The United Nations, its Security Council and the highest authorities in the political and religious world should make an unprecedented effort to avoid further escalation of both these conflicts. A possibility would be the creation of a UN organisation for peace in Israel–Palestine. We advocate that those Pugwashites who are most competent in these matters participate in this effort. We think also that the top figures of the Christian, Jewish and Muslim religions should participate in this effort as well as Nobel Peace prize winners. The aim should be a two-state solution: Israel and a state for the Palestinians, with democratic parliaments, full memberships of the UN, and well-defined frontiers. The only exception might be Jerusalem; this city (with part of its surroundings) might become an international Peace region not belonging to either state. The war between Israel and Lebanon should be stopped and peace should be negotiated with help from the UN.

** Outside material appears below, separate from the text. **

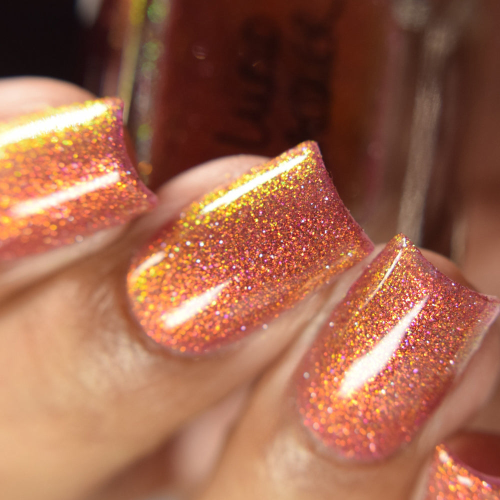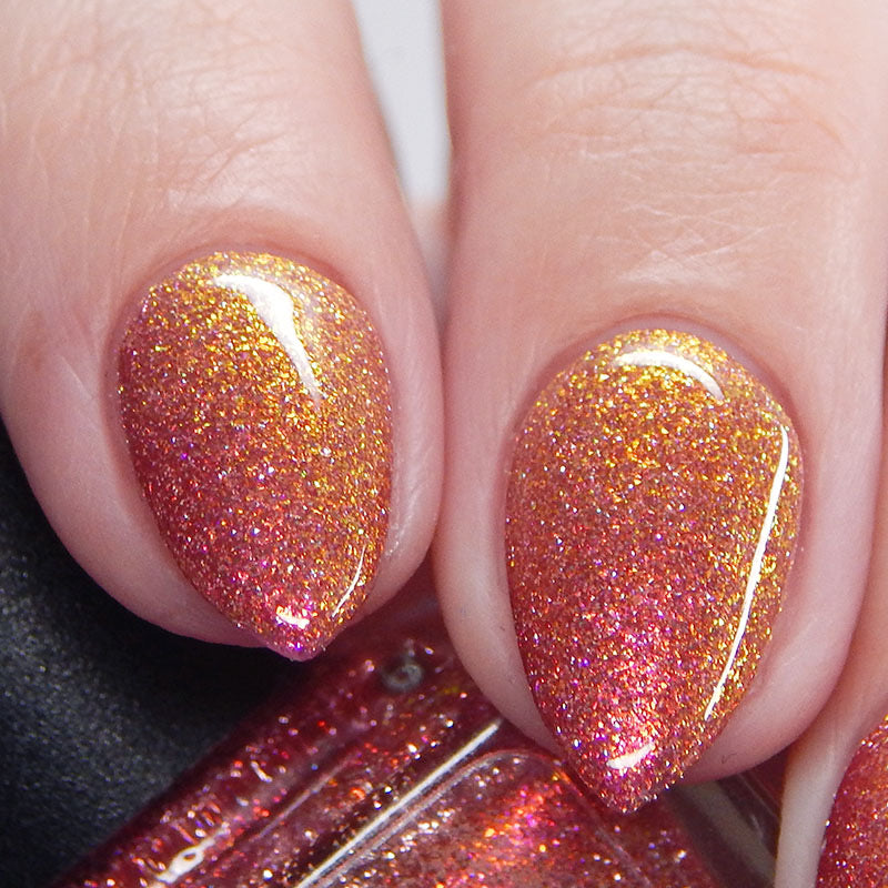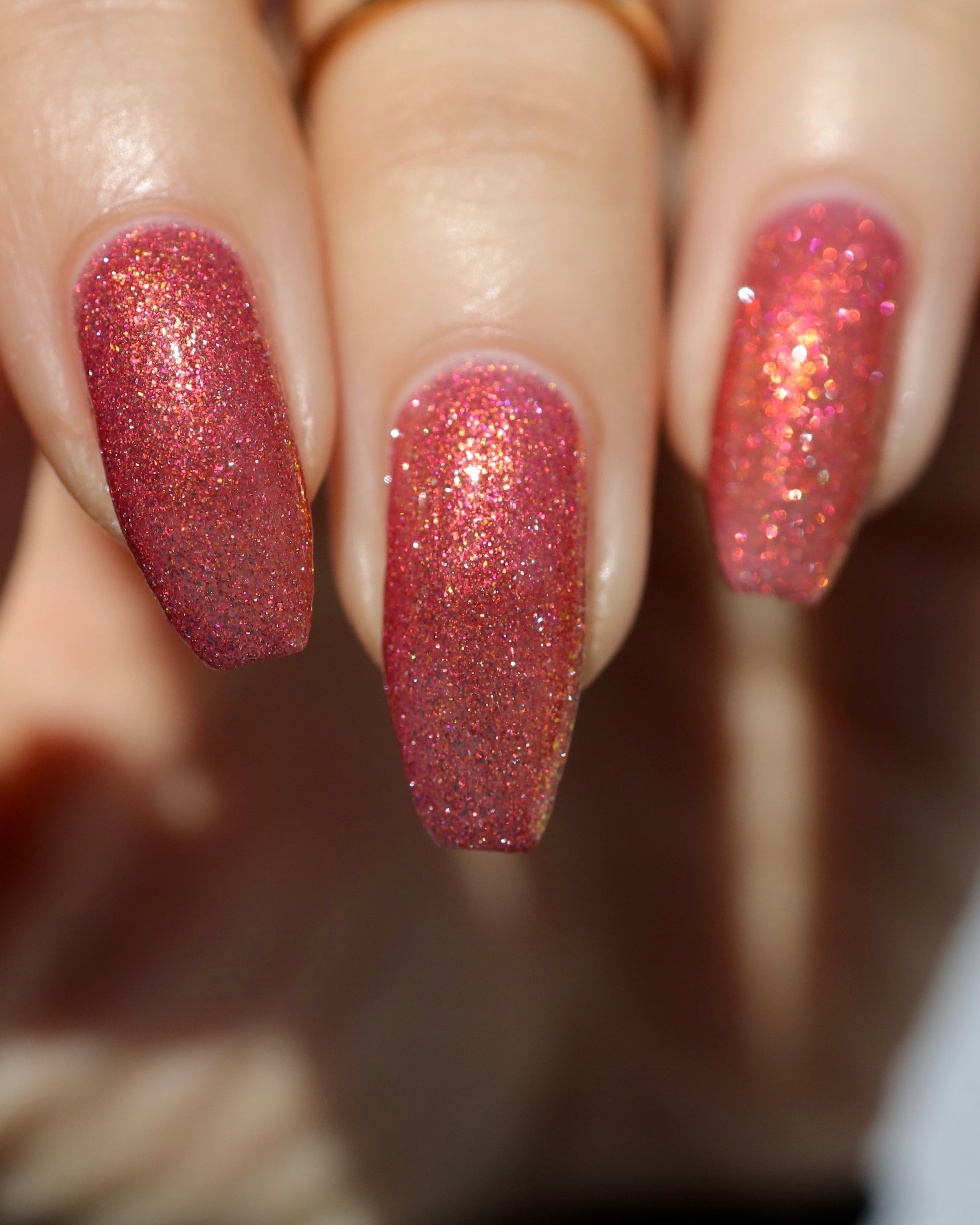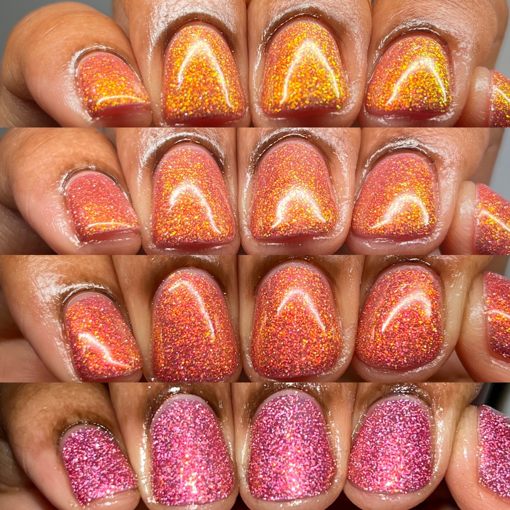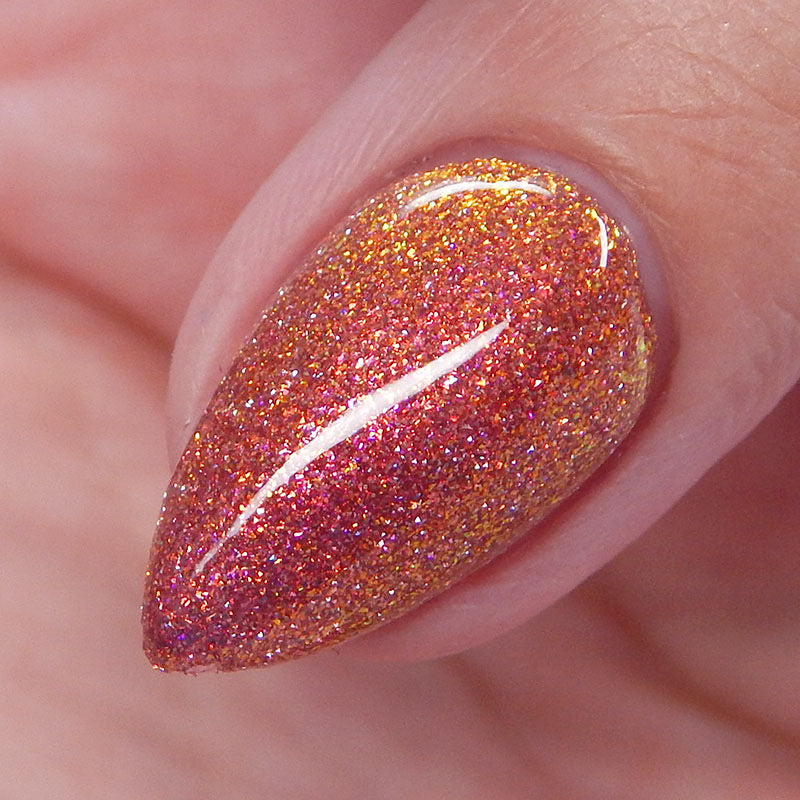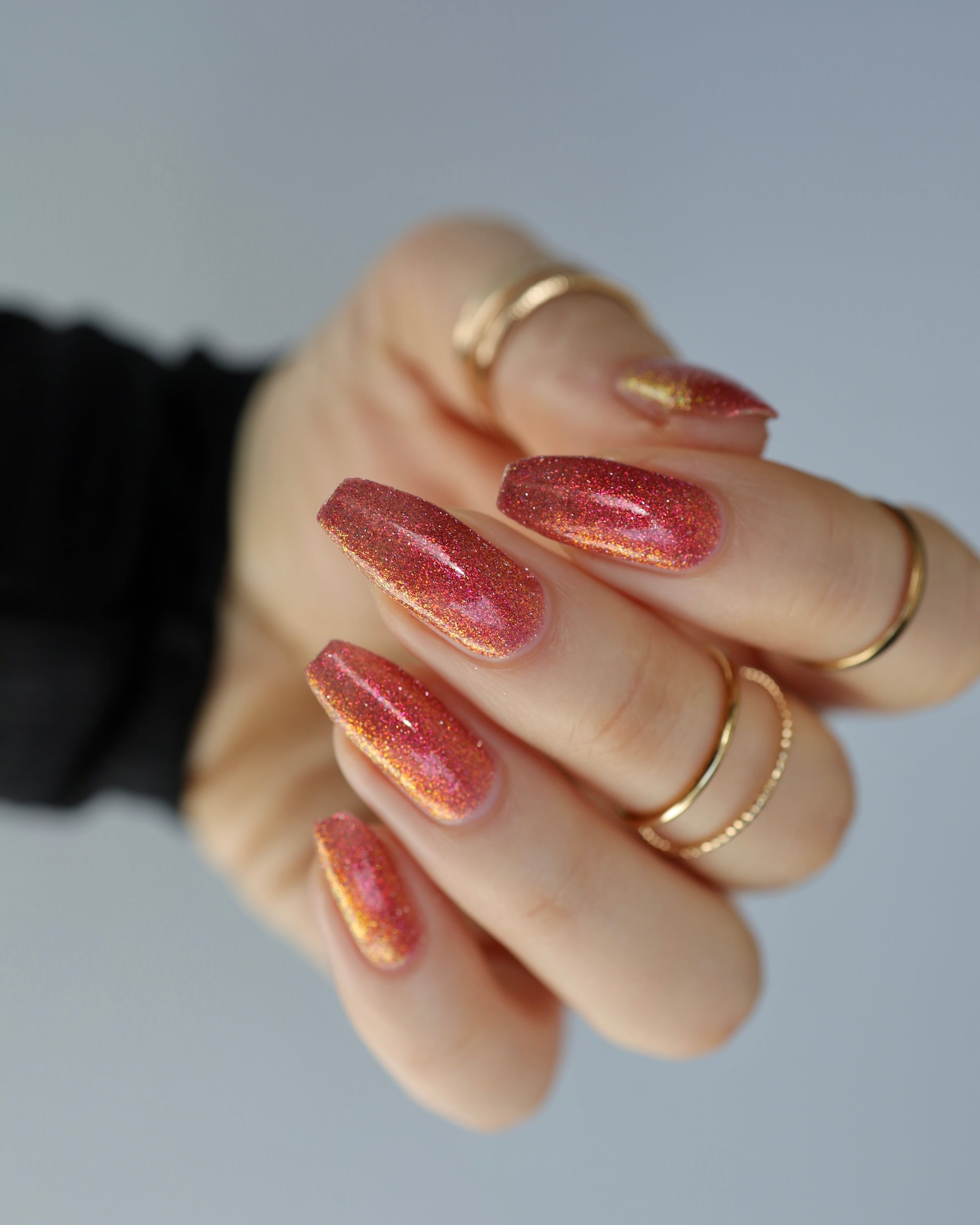 A red coral jelly base with vibrant aurora microflake that shifts from orange to gold to green and coral light reflective glitter
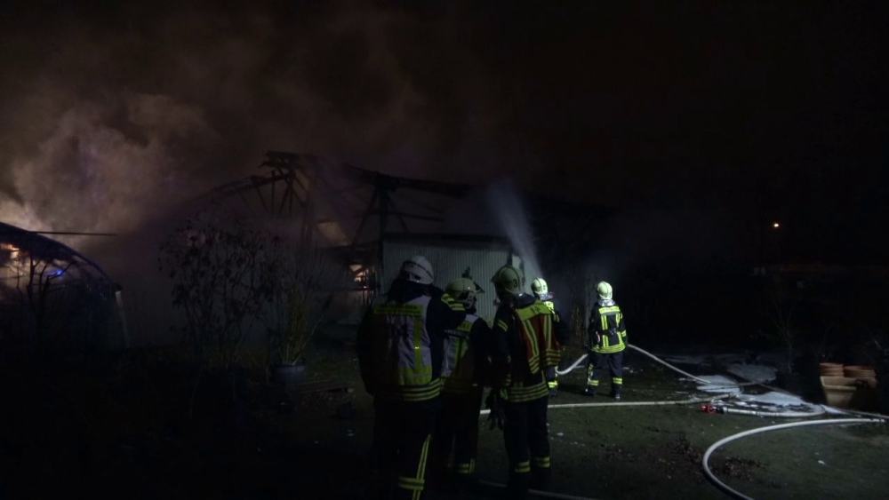Eschborn – Gegen 22:30 Uhr wurde die Feuerwehr Eschborn, Schwalbach und Bad-Soden in die Feldgemarkung nahe der Feuerwache Eschborn alarmiert. Ein nicht genutztes Gewächshaus einer ehemaligen Baumschule stand komplett in Flammen. Mehrere Propangasflaschen waren dort noch gelagert. Wie es zu dem Brand kommen konnte, ist aktuell noch ungeklärt.

In order to reach this goal and have permanent peace in the Middle East one should accomplish the enormously difficult process of reconciliation between Jews, Palestinians and Lebanese. This might be started by the proposed Pugwash–UN efforts. Possibilities to promote this process could consist, e.g., in mixed (Jewish–Palestinian) organisations to further this crucial goal. One might think of town-relationships between Jewish and Palestinian towns, etc. Most important would be mixed organisations for the problems of water and energy (oil, solar energy, etc.) in the Middle East.

Notes 

[1] Seymour M. Hersch, The Samson Option: Israel’s Nuclear Arsenal and American Foreign Policy, Random House, New York, 1991.
[2] Avner Cohen, Israel and the Bomb, Columbia University Press, New York, 1998.
[3] Cf. the work on ‘Nuclear Free Zones in Europe’ carried out in Pugwash from 1960 onwards under the guidance of K.D. Lapter (Poland) and H.A. Tolhoek (Netherlands), the results of which were presented at Annual Pugwash Conferences in the mid-1960s.
[4] A more fully developed report on Pugwash and the Middle East has been prepared by Hans Tolhoek: Pugwash en het Midden-Oosten (in Dutch – translation: Pugwash and the Middle East), Groningen, Netherlands, January 2006 (available on request from the author). An English translation of this thorough paper (23 pages) will hopefully appear rather soon (end of 2006).
[5] Avner Cohen and Thomas Graham, Jr., An NPT for non-members, Bulletin of the Atomic Scientists 60 (3) (May/June 2004) 40–44.